Когда кадет ошпаренным зайцем выскочил из двери, Проф решился и просунул голову, тихонько позвав Саню, сотворив для этого самую умильную гримасу из всех, что умел. А потом, стараясь не замечать неудовольствия императора, быстрым шепотом — чтобы не перебил — начал говорить.

— Саня, мне обязательно нужно поговорить с чужаком. Это очень важно. Я уверен, он знает такое, что нам обязательно пригодится. Мы это самым подробным образом запишем в «Ежедневник». Ты сам знаешь, как нам это нужно. Это самый настоящий шанс устроить контакт с Большой землей. Ты только представь, какие это перспективы! Мы можем одним махом решить половину наших проблем. Не прогоняй его сейчас. Дай мне хотя бы два часа. Я все разузнаю, обещаю, что ты не пожалеешь. В конце концов, я прошу тебя. Это всем нам пойдет на пользу.

— Обед, — процедил император.

— Что? Саня, я не понял. Какой обед? Тут такое дело решается, императорское, а ты какой-то обед.

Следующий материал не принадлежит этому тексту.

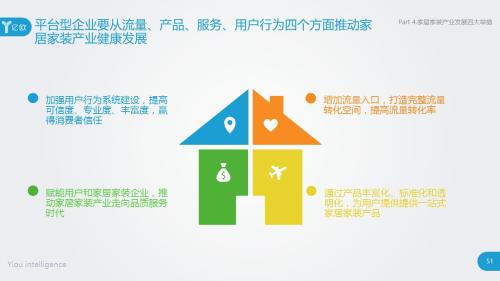 通過分析家居家裝產業現狀以及消費者特征,相關機構認為,未來幾年平臺型家居家裝企業更容易在競爭中勝出,但平臺型企業與垂直型企業不是競爭關系,而是魚水共存關系。家居家裝平臺型企業,可以從流量、產品、服務、用戶行為四個方面推動家居家裝產業健康發展。
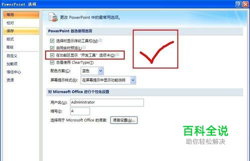 这里我们需要使用开发工具选项,一般office在默认安装的情况下是没有显示的,我们先要把它找出来:点击office图标——》ppt选项,如图所示。
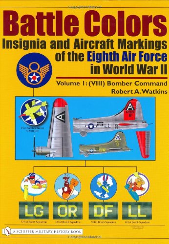 Battle Colors: Insignia and Aircraft Markings of the Eighth Air Force in World War II: Vol.1/(VIII) Bomber Command is the first in the, thus far, three volume series by Schiffer Publications on the United States' Eighth and Ninth Air Forces during Wolrd War Two. This volume covers the bomber units of the Eighth Air Force.
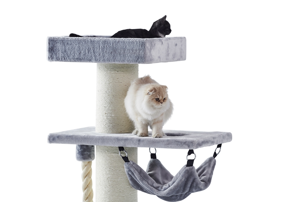 Die Farbe Grau des Kratzbaums fügt sich harmonisch in jede Wohnlandschaft ein und macht ihn zu einem stilvollen Accessoire in Ihrem Zuhause. Die besonders dicke Bodenplatte sorgt für eine hohe Standfestigkeit, was Ihrem vierbeinigen Freund ein sicheres Gefühl gibt.
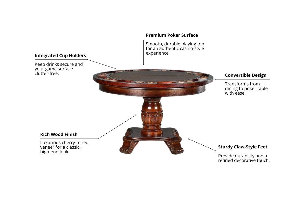 Its cherry-toned finish adds warmth and sophistication, making it a true focal point for both dining and gaming spaces. Beyond looks, it delivers personalized comfort with customizable game tops and coordinated seating options, ensuring every gathering feels tailored to your style.
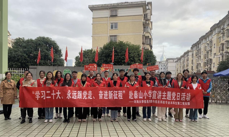 此次活动准备充分,支部以2人一组的形式,共分为12个小组,面向泰山小学三到五年级12个班级开展宣讲活动。党支部同志们自觉当好学习宣传贯彻党的二十大精神的表率,带领小学生们共同学习党的二十大报告,彰显了河海学子的精神风貌。
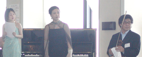多田美加さんのソプラノ、酒井さんのバイオリン演奏で始まった懇親会は、

— Ты можешь просто помолчать, Проф? Сейчас у меня с ним будет обед. И с тобой тоже. Говори, спрашивай. — Он поморщился. — Время поджимает. Ну посмотрю там сам, как и чего. Крикни пока кого-нибудь, пусть Матвея найдут. Ему тоже не лишне будет послушать. Только быстро. Минут через десять в столовой.

— Спасибо, Саня, спасибо тебе, — быстро закивал Проф и поспешил удалиться. Его бывший ученик все же умел быстро менять им же принятые решения.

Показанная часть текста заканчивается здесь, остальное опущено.